Holiday Hack: reading Java class files

by atc on March 24, 2013, 2 comments

I spent a week by the pool in Egypt with my girlfriend, relaxing and…hacking. The lack of WiFi meant I had to rely on instinct and intellect to get me through my pet project and it proved a worthy exercise in problem solving and perseverance…

I had the crazy idea of practicing my C programing skills by reading the binary .class file format and…doing something with it. A friend even suggesting writing my own Java Virtual Machine, which I’m probably going to do at some point.

Anyhow, a week by the pool meant no WiFi, lots of food and drink, sunburn and…boredom. I set it upon myself to rely purely on the documentation I had to hand — at first just a cached Wikipedia page, later on the JVM specification — to read .class files and practice C.

It turns out this basic task proved to be a useful exercise not only in practicing C but in perseverance and relying on one’s intuition and experience to solve a problem, not just on “googling it” and Stackoverflow.

Lesson #1: having the source makes things easier

Though I’ve learned this many times before in other languages, having the source to hand means you can truly debug an issue.

I happened to be using uthash.h for a hash table as part of my data structures. The mistake I’d made was define my id type as a uint16_t — i.e. a 2-byte unsigned integer type — and then use the HASH_ADD_INT and HASH_FIND_INT convenience macros for manipulating/searching the hash table. Of course an int is 4-bytes on my Debian x86 laptop, so when the macro expanded to something along the lines of HASH_FIND(hh, table, id, sizeof(int), ptr); I was never finding items because the generated memcmp call was comparing the wrong amount of bytes. A rookie error, but a lesson nonetheless.

Lesson #2: don’t quit

Building on lesson #1, I was reminded that I am only limited by time, my own stamina/patience and ability to think around a problem. My limited experience with C and the advanced nature of uthash.h‘s source code meant it was daunting trying to debug and understand what it was doing and ultimately where I was going wrong. Alas, by the end of the debugging exercise I was much the wiser as to the workings of C and its true power. Reading the source code of others is always a useful task and had I quit when seeing the wall of #defines I’d have not better understood macros, C or the inner-workings of data types in C. The lesson? Keep chugging away – even when it’s frustrating you and you think you’re lost it can pay wonders to take 5 minute swim in the pool and a coffee to re-tackle a bug.

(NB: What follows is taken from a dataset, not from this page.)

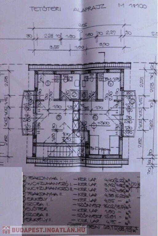 tetőtér (nettó: 59,15 nm, bruttó: 68,19 nm): 2 apartman (szoba, konyha - étkező, fürdőszoba zuhanyzóval és WC – vel, erkély)

Lesson #3: DVCS is really useful

The only time I had WiFi was when we ventured up to the dedicated area near reception. Our room and the majority of facilities were nowhere near it, which meant we’d have to dedicate half an hour to trekking up to reception, hoping the connection’s working (Egypt’s infrastructure isn’t what we’re used to here in the west!) and frantically downloading what I can whilst the bandwidth isn’t saturated by Facebook pokes.

The point, though, is that I had versioning control on all the time. I didn’t have to commit to a remote server to save my small changes, improvements or fixes, I had it right where I needed it: on my hard-drive. This meant I could push to the Github repository irregularly but still have the power of versioning whenever I needed it: in this case in the form of Git.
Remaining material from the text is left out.